Directions for this task
No line before the one holding "昇降口前の花壇の雑草を抜いてから、パンジーの苗を植えました「きゃ~~虫~~" is to be copied; that line and all after it, through the end of the listing, are returned exactly, minus pictures.

Supplied data

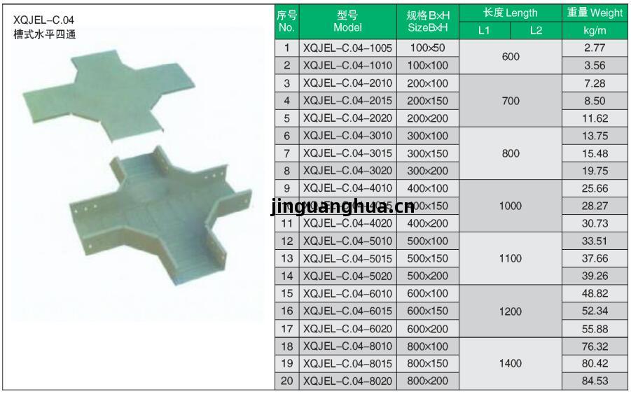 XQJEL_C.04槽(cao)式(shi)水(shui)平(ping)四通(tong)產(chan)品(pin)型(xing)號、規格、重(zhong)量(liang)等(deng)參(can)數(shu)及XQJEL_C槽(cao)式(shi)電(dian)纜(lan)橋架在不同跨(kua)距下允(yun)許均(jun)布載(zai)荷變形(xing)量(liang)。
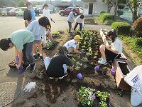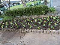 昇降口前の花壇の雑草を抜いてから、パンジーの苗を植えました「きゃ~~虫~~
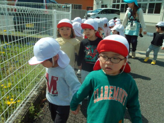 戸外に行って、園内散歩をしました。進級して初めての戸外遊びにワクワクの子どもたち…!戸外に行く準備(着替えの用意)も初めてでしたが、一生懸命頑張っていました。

Result for this exercise
 昇降口前の花壇の雑草を抜いてから、パンジーの苗を植えました「きゃ~~虫~~
 戸外に行って、園内散歩をしました。進級して初めての戸外遊びにワクワクの子どもたち…!戸外に行く準備(着替えの用意)も初めてでしたが、一生懸命頑張っていました。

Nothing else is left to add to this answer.